Обсуждение: Sudden connection and load average spikes with postgresql 9.3
Hello all, This is my very first message to the Postgresql community, and I really hope you can help me solve the trouble I'm facing. I've an 80 core server (multithread) with close to 500GB RAM. My configuration is: MaxConn: 1500 (was 850) Shared buffers: 188Gb work_mem: 110Mb (was 220Mb) maintenance_work_mem: 256Mb effective_cache_size: 340Gb The database is running under postgresql 9.3.9 on an Ubuntu Server 14.04 LTS (build 3.13.0-55-generic) Two days from now, I've been experiencing that, randomly, the connections rise up till they reach max connections, and the load average of the server goes arround 300~400, making every command issued on the server take forever. When this happens, ram is relatively low (70Gb used), cores activity is lower than usual and sometimes swap happens (I've swappiness configured to 10%) I've been trying to find the cause of this server underperformance, even logging all queries in debug mode, but nothing strange found so far. I really don't know which can be my next step to try to isolate the problem and that's why I write to you guys. Have you ever seen this behaviour before? Could you kindly help me suggesting any step to follow? Thanks and best regards! E.v. -- View this message in context: http://postgresql.nabble.com/Sudden-connection-and-load-average-spikes-with-postgresql-9-3-tp5855895.html Sent from the PostgreSQL - performance mailing list archive at Nabble.com.

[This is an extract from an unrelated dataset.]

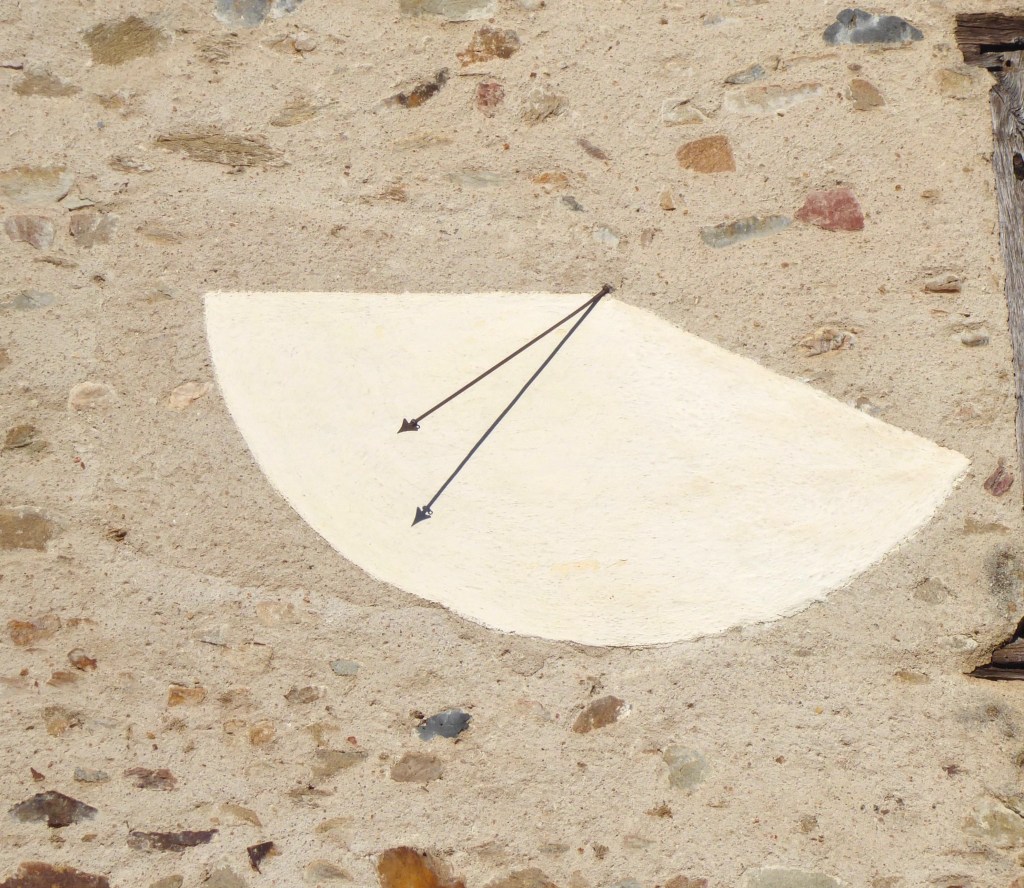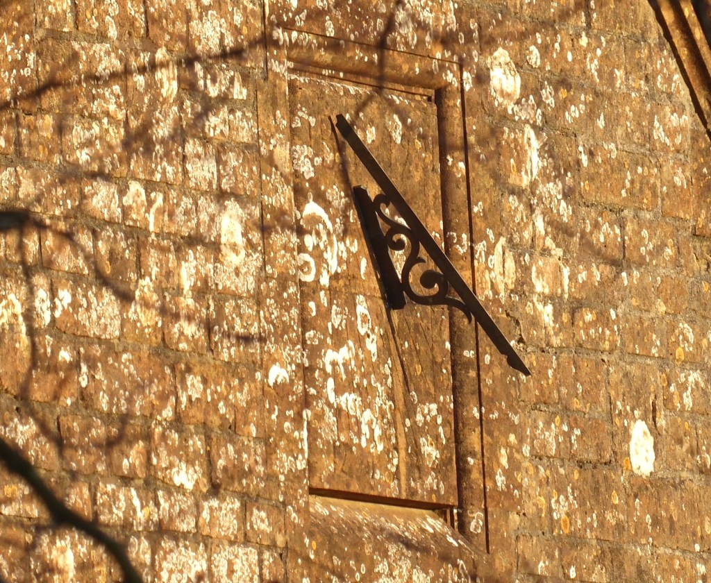 As plain a dial as you could wish to find, yet casting a strong shadow. BSS view is that it dates from the 1880s restoration and it doesn’t look as if the dial has been touched since then. It’s worth noting that the lamp bracket also works effectively as a plain unmarked dial.

eudald_v <reaven.galaeindael@gmail.com> writes:
> This is my very first message to the Postgresql community, and I really hope
> you can help me solve the trouble I'm facing.
> I've an 80 core server (multithread) with close to 500GB RAM.
> My configuration is:
> MaxConn: 1500 (was 850)
> Shared buffers: 188Gb
> work_mem: 110Mb (was 220Mb)
> maintenance_work_mem: 256Mb
> effective_cache_size: 340Gb
> The database is running under postgresql 9.3.9 on an Ubuntu Server 14.04 LTS
> (build 3.13.0-55-generic)
> Two days from now, I've been experiencing that, randomly, the connections
> rise up till they reach max connections, and the load average of the server
> goes arround 300~400, making every command issued on the server take
> forever. When this happens, ram is relatively low (70Gb used), cores
> activity is lower than usual and sometimes swap happens (I've swappiness
> configured to 10%)
You haven't described why you would suddenly be getting more connections,
but if that's just an expected byproduct of transactions taking too long
to finish, then a plausible theory is that something is acquiring a strong
lock on some heavily-used table, causing other transactions to back up
behind it. The pg_stat_activity and pg_locks views may help identify
the culprit.
In any case, a good mitigation plan would be to back off your
max_connections setting, and instead use a connection pooler to manage
large numbers of clients. The usual rule of thumb is that you don't want
number of backends much more than the number of cores. 1500 active
sessions is WAY more than your hardware can support, and even approaching
that will exacerbate whatever the root performance problem is.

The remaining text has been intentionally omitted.